C’est au cours de mon éveil militant que
j’ai compris qu’il y avait de bonnes et de mauvaises façons de s’impliquer dans
le féminisme, pour un homme. Je repère les mauvaises en un clin d’œil (on me
croit rarement, cependant, parce que « c’est un bon gars »). J’aurais
pensé me servir de ce savoir assez souvent, étant donné que le féminisme occupe
95% de mon univers. Mais ce n’est pas le cas. Si ce n’est le « tag »
occasionnel d’hommes qui veulent que je débatte à leur place parce qu’une
conversation sur Facebook a dégénéré et qu’ils aimeraient bien faire autre chose
(moi aussi, vous savez…), je ne vois pas les hommes dans mon activisme web. Les
étudiants de ma faculté me connaissent – certains m’ont dit suivre de loin mes
combats avec les masculinistes qui s’y logent – mais c’est justement ça, le
problème, ils restent loin.
J’ai été prise plus d’une fois dans des
conversations interminables sur les groupes Facebook de mon programme dans
lesquelles une dizaine d’hommes se liguaient pour ridiculiser mon expérience.
Je me demande à chaque fois : « où sont-ils? » Où sont ces
hommes proféministes au nom desquels il faudrait aménager notre activisme? Où sont ceux pour qui nous rendons nos espaces militants mixtes – « inclusifs »? Où sont ces hommes proféministes dont on dit qu’ils
sont si nombreux « en 2016 »? Où sont, même, ces hommes qui se disent
mes amis?
Quoiqu’on dise, quoiqu’on fasse, il nous
faut toujours aimer les hommes. Les haïr nous case dans la catégorie des
« mauvaises féministes » desquelles tou.te.s se dissocient. Mais où
sont les hommes qui aiment les femmes? Comment aimer celui qui nous est
totalement indifférent? Comment aimer ceux qui partent en courant?
Le proféminisme est parfois
contreproductif. Il est truffé de pièges desquels on peut apprendre – et même,
avec mon aide – si on se permet de respecter celles qui les connaissent par
cœur. Mais encore faut-il essayer.
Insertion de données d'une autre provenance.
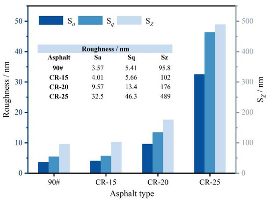 As shown in Figure 11, it can be seen that the three indicators are consistent for the roughness changes with different dosages of CR powder. The smaller the roughness value, the smaller the difference between phases and the more stable the microstructural properties [58]. As shown in Figure 11, the roughness value is the highest and the microscopic morphology is the most unstable when the rubber powder content is 25%. The roughness value increases continuously with the increase in the rubber powder content. This shows that the content of rubber powder particles will continuously destroy the apparent morphology of the asphalt and reduce the stability of its microscopic properties. The roughness values did not change significantly at low rubber powder contents.
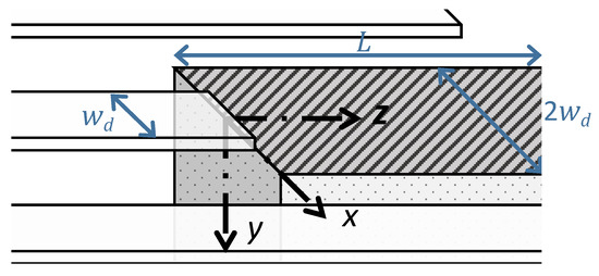 The region under study was a cuboid sector of the substrate bounded by the fingertip and the substrate edge (Figure 2). The distance between those boundaries was on the order of L = 2 mm. The finger width was = 10 m and the total width of the region under study was , with a margin of on either side of the finger. The substrate was made of Navy Type I Lead Zirconate Titanate I (PZT4) with a Young’s modulus of GPa and a Poisson ratio of . The thickness was set to mm to match that of the fabricated substrate. This region was meshed in the Finite Element Model (FEM) using 60,344 tetrahedral elements with 20,230 mesh vertices.
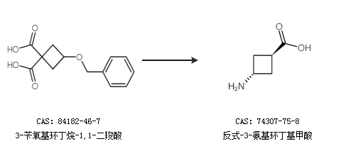 2.通过3-苄氧基环丁烷-1,1-二羧酸合成反式-3-氨基环丁基甲酸
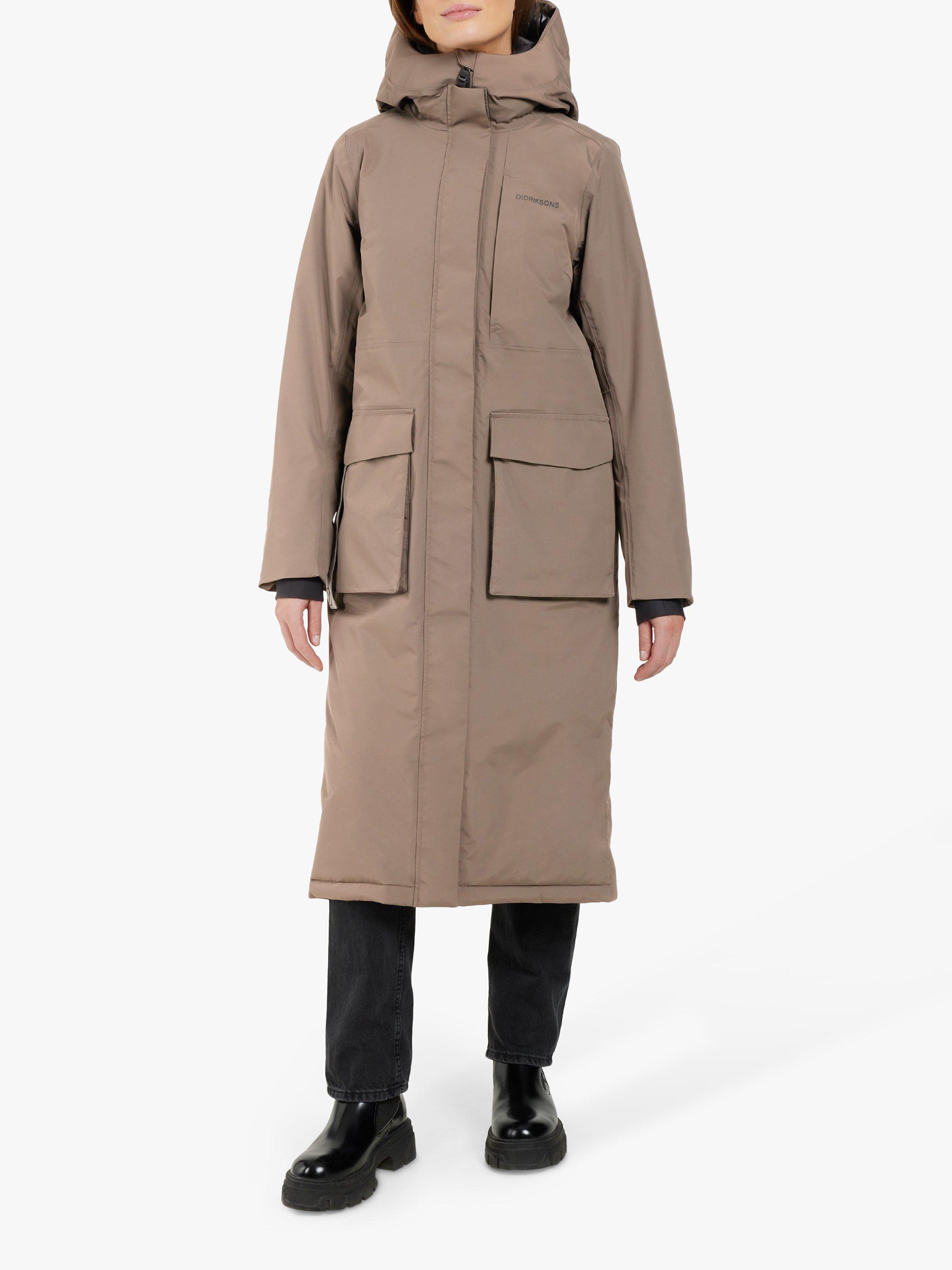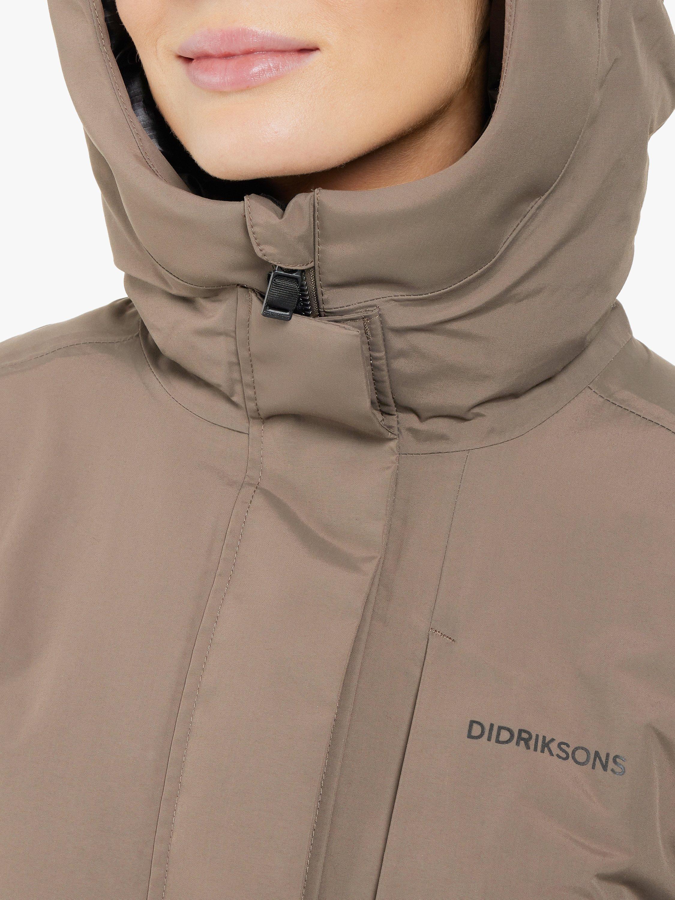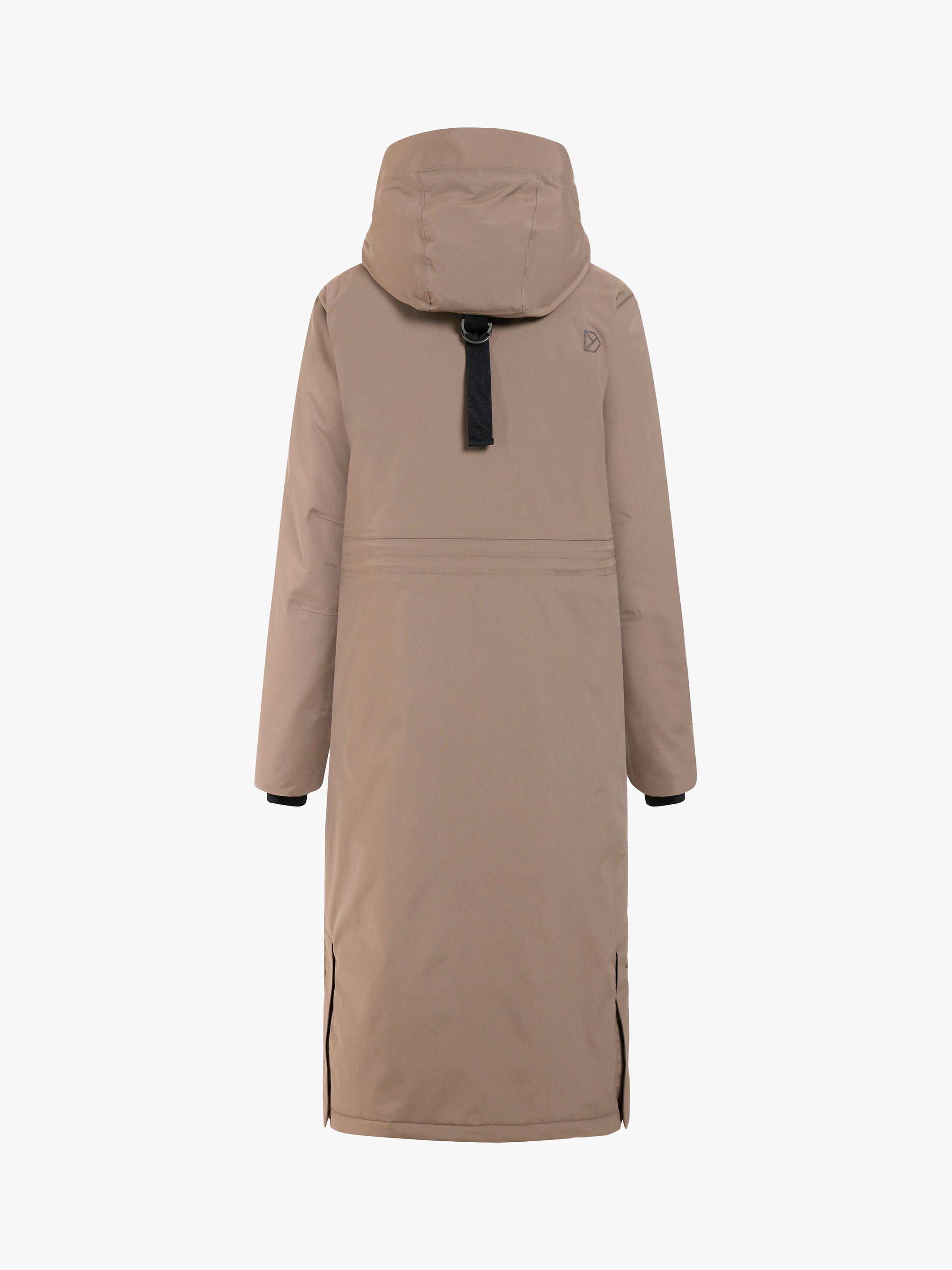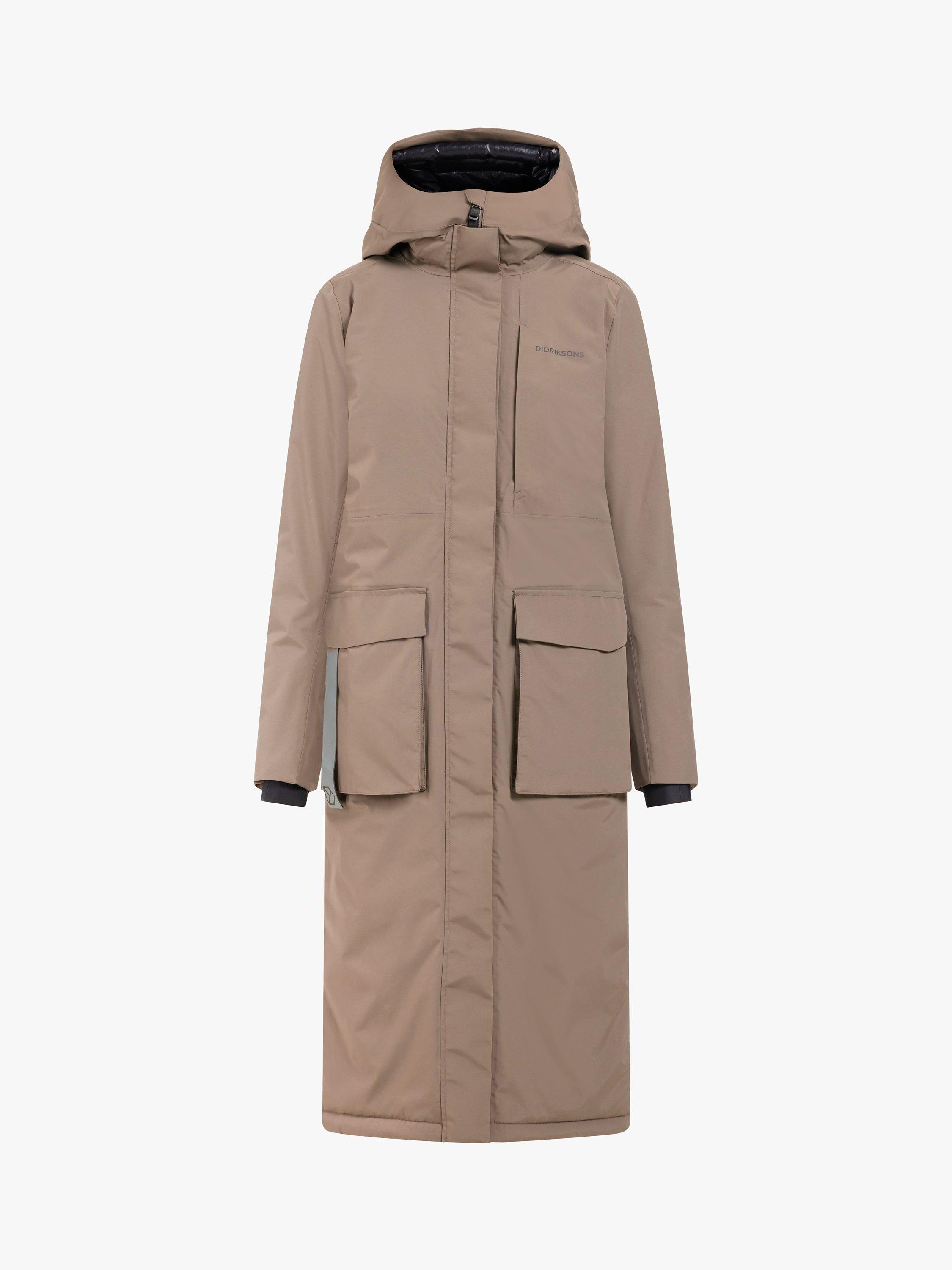 The Leya long parka has become a classic Didriksons parka. It's windproof and waterproof with all seams taped, padded with 180g/m² of 100% recycled vegan padding. The inside has warming padded panels for extra warmth and comfort and the padded collar is bringing that extra comfort and stylish detail. Leya long parka has a slit on both sides with buttons for extra movability and functionality, a 2-way zipper at the front with a protective flap, an fixed and adjustable hood and a high collar to protect you against wind and rain. 2 pockets in the front closes with buttons, and 1 pocket with zipper on chest and another one the inside of the parka. Adjustable waist and elastic cuffs provides extra comfort. PFC-free water-repellent finish.

Et à chaque jour où mes « amis »,
mes « camarades », regardent en silence alors que leurs frères
m’attaquent, j’ai davantage de difficulté à croire à cet « ensemble »,
à ce pays que nous formons avec les hommes, à ce projet que l’on devrait bâtir
côte à côte. À chaque jour de silence, il est plus difficile d’aimer les hommes.
C’est faux de dire que toutes les
féministes aiment les hommes, comme si le contraire parlait contre le féminisme
plutôt que contre la masculinité toxique. Oui, des femmes et des féministes
haïssent, méprisent, craignent les hommes pour cette souffrance collective
qu’ils empilent sur nos épaules depuis toujours – de « mémoire
d’hommes ». Mais croyez-moi quand je vous dis qu’elles sont les premières
à le déplorer.
Je ne demande pas mieux que d’aimer les
hommes – qu’est-ce que vous attendez pour me donner une raison de le faire?